Later in the same conversation, she said Zoom Wholesale Brokerage.

I’ve been unable to verify whether she actually works for either of these companies. After the call, I looked into it — and couldn’t find any confirmation linking her to either organization.

She then asked about my current mortgage rate, and followed that by asking for my email address so she could send me more information.

At that point, I hung up.

Later, I called the number back. It rang once, then immediately disconnected. No voicemail. No business name. Just a dead end.

Why This Is a Problem

This wasn’t your typical scammer trying to steal your identity — but it was deceptive marketing, and it may even violate federal law. The call used classic “neighbor spoofing” tactics — making it look like it came from a local number to build trust. According to the Minnesota Attorney General’s Office, this tactic is commonly used by scam marketers to increase pickup rates and mask the real source of the call.

They bank on one thing: the average veteran won’t know the VA doesn’t cold-call, and once they get you talking, they can extract just enough information to sell you as a lead — or worse.

Why They Want Your Mortgage Rate and Email

You might think, “It’s just my rate and email. Not exactly my Social Security number.”

But that info is more valuable than you think.

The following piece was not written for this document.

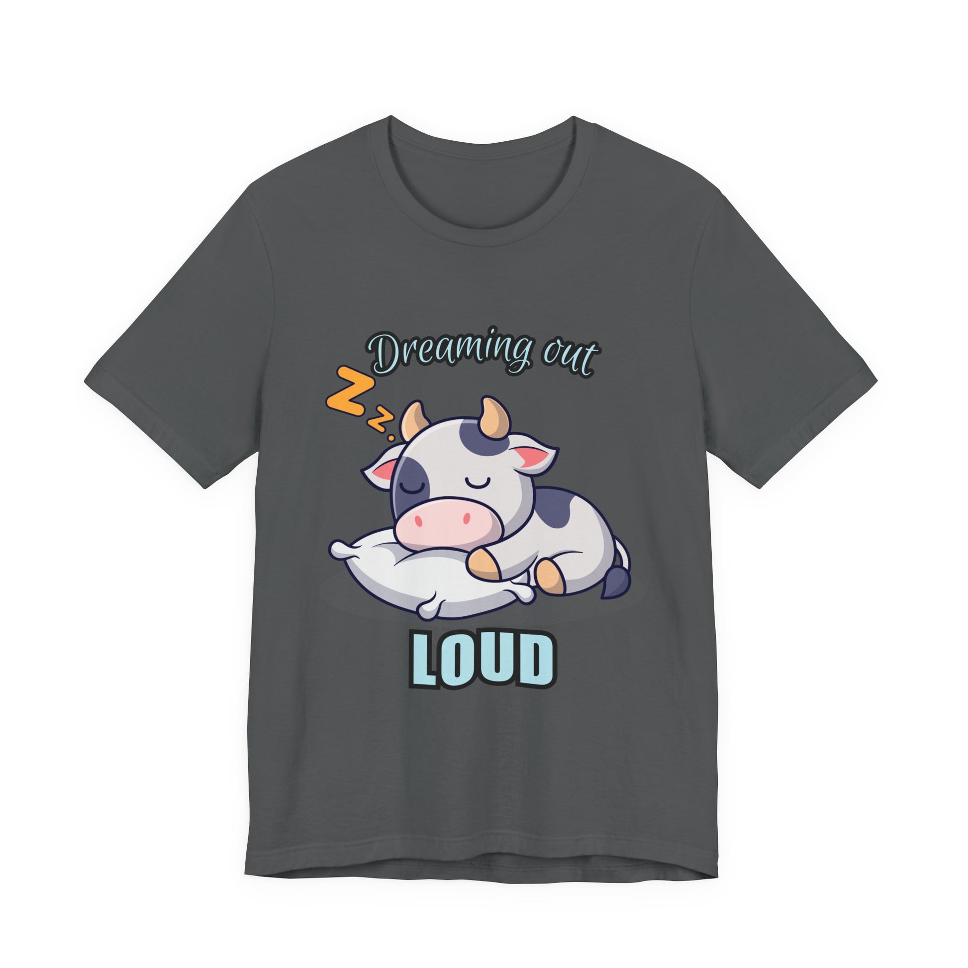 Dreaming Out Loud Cow Tee - Cute Animal Shirt, Graphic T-Shirt, Gift for Cow Lovers, Funny Sleep Shirt, Relaxing Apparel

1. Build a Detailed Profile

By combining your interest rate and email address with public records, they can:

  • Estimate how long you’ve had your mortgage
  • Approximate your loan balance and equity
  • Cross-reference property records to identify your home’s value
  • Match your email to demographic databases to learn your income bracket, age, household size, and more

In a few minutes, you go from a voice on the line to a fully monetized sales profile.

2. Flag You as a Hot Lead

If you reveal that your current mortgage rate is higher than today’s average, you become a prime refinance candidate. Companies will buy your data from the caller — sometimes for $50 to $250 per lead — and you’ll likely be inundated with unsolicited emails, texts, and calls.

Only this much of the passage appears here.